A rule (I don't know which one, I'm not in a place where I can look up the number) says:

If an effect attempts to do something impossible, it does only as much as possible.

For instance, Hands of Binding is a blue Sorcery that says:

Tap target creature an opponent controls. That creature doesn't untap during its controller's next untap step.

Cipher (Then you may exile this spell card encoded on a creature you control. Whenever that creature deals combat damage to a player, its controller may cast a copy of the encoded card without paying its mana cost.)

Notice: It does not say Tap target untapped creature an opponent controls.

Let's say that your opponent has two creatures, one of whom is tapped; you have one creature. You cast Hands of Binding on your opponent's untapped creature, then cipher it onto your creature.

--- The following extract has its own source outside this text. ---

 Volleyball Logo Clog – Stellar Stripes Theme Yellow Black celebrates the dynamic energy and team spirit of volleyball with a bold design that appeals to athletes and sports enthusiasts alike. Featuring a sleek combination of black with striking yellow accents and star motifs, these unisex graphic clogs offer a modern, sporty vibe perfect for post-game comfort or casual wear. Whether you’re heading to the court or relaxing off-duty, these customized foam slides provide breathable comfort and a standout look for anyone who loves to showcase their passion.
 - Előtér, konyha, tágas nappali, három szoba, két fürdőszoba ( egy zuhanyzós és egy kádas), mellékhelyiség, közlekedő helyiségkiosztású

You attack and when it deals combat damage to the player, you get to recast Hands of Binding. You can target the other creature even though it was already tapped.

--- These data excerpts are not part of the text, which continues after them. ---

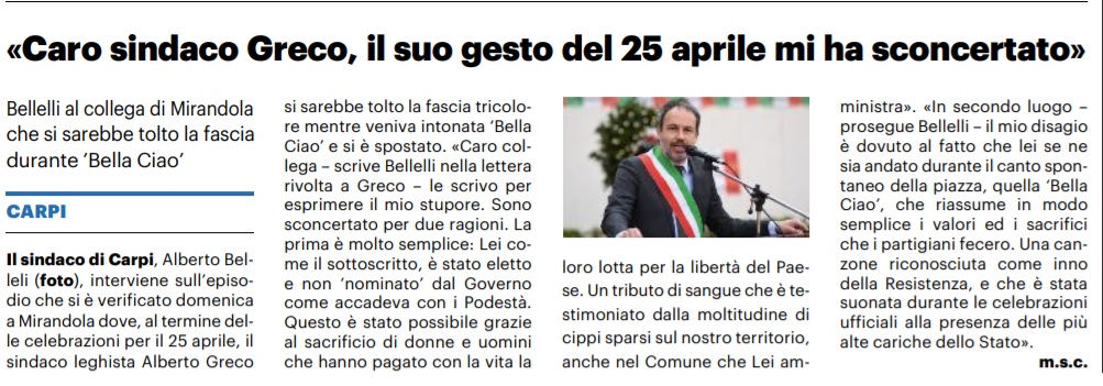 Alberto Greco, sindaco di Mirandola, sotto “attacco” da parte di chi? Del sindaco di Carpi Bellelli…….
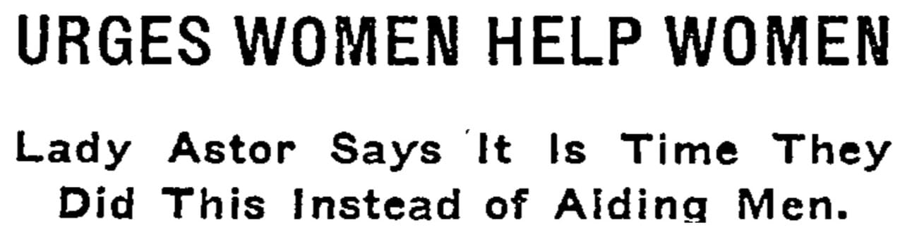 When last we encountered Lady Astor, she was chasing down a burglar in the street. Today this fascinating person (who would one day become an accused Nazi sympathizer), is in the news to make two seperate points we can all surely agree on: women should help women, and Lady Astor’s sister is lazy.
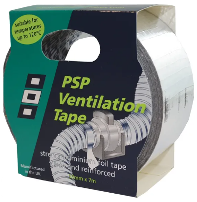 Ruban adhésif aluminium résistant, uni et renforcé. Convient à des températures allant jusqu'à 120 °C. Dimensions : 50 mm x 7 m
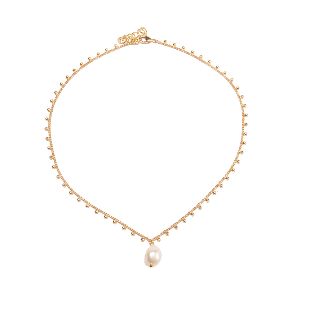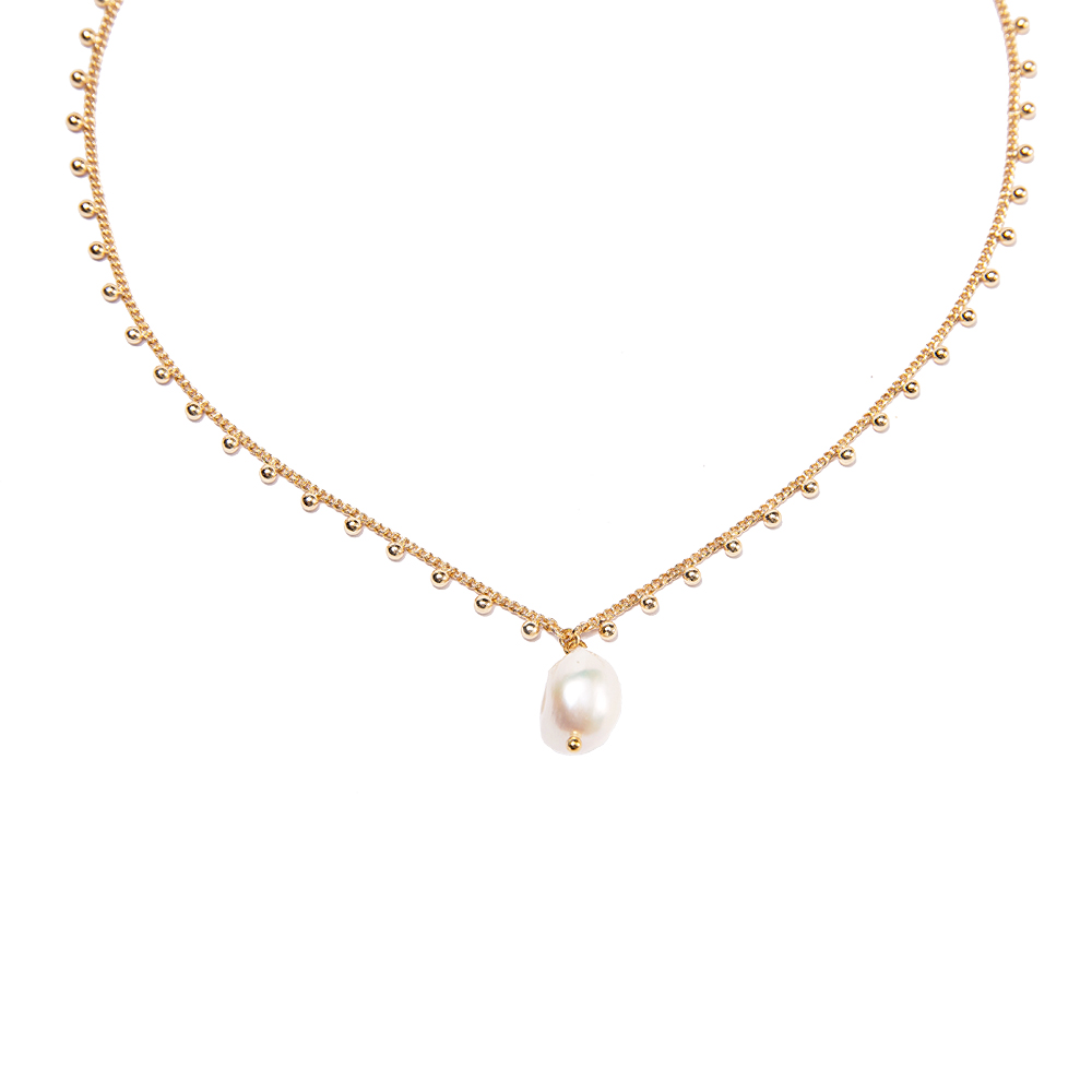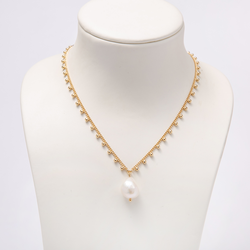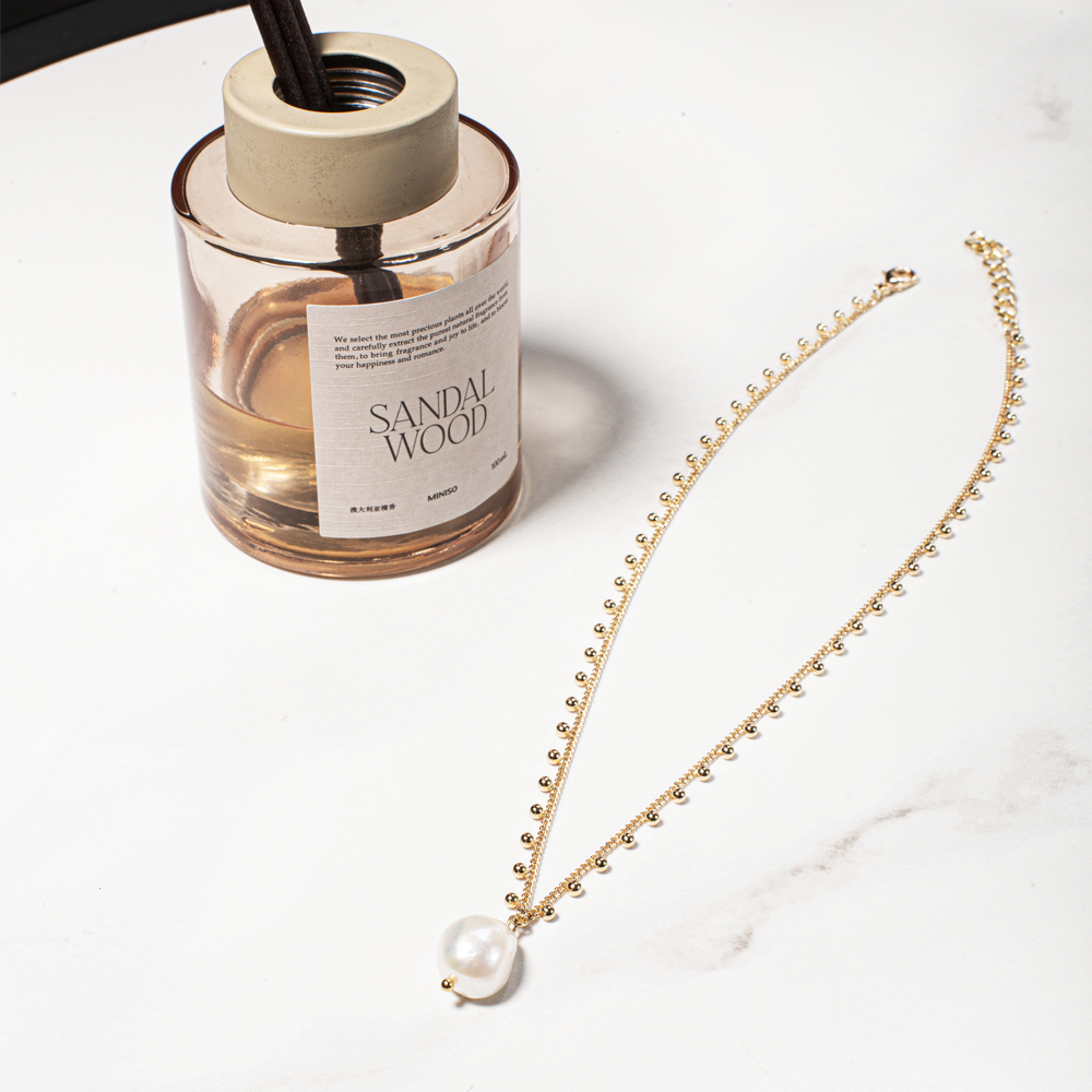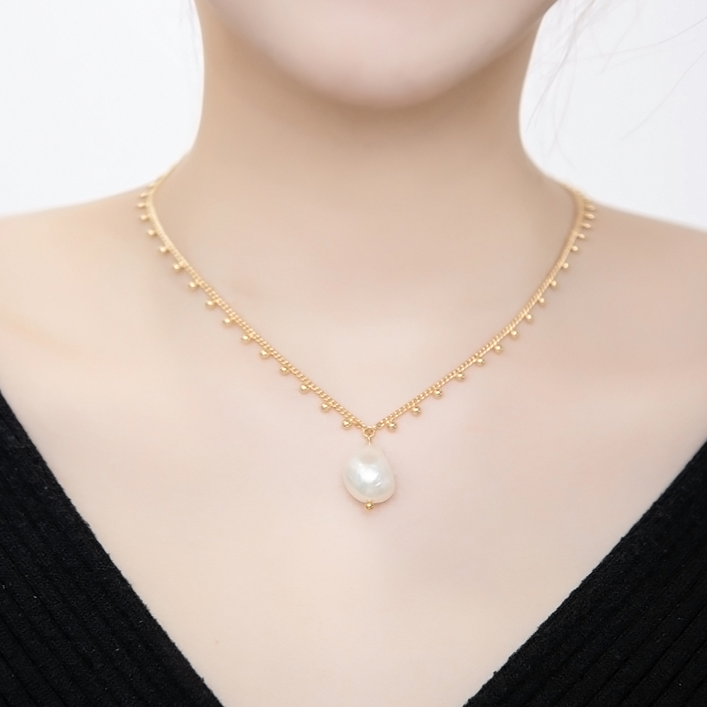 Hot Sale Simple Round Bead Chain Brass Necklace Elegant Shaped Freshwater Pearl Superimposed Bozai Necklace For Women Girls

When you (re)cast Hands of Binding, the creature is a legal target, because the only requirement is that the target be a creature. When the spell resolves, the target is still valid (the spell checks for legality twice). So the effects start to happen.

The first one tries and fails to happen because, as has already been mentioned, you can't tap a tapped creature, so that effect fizzles.

HOWEVER

Then the second effect happens:

That creature doesn't untap during its controller's next untap step.

That effect can happen, so it does. Presto! You now have two creatures that your opponent controls that won't untap during that player's next untap step.

I think that it's specifically this type of interaction that leads to the "extra* text on Cryptbreaker and other cards like it. Technically it's redundant, but it alleviates the confusion for people that are familiar with this interaction.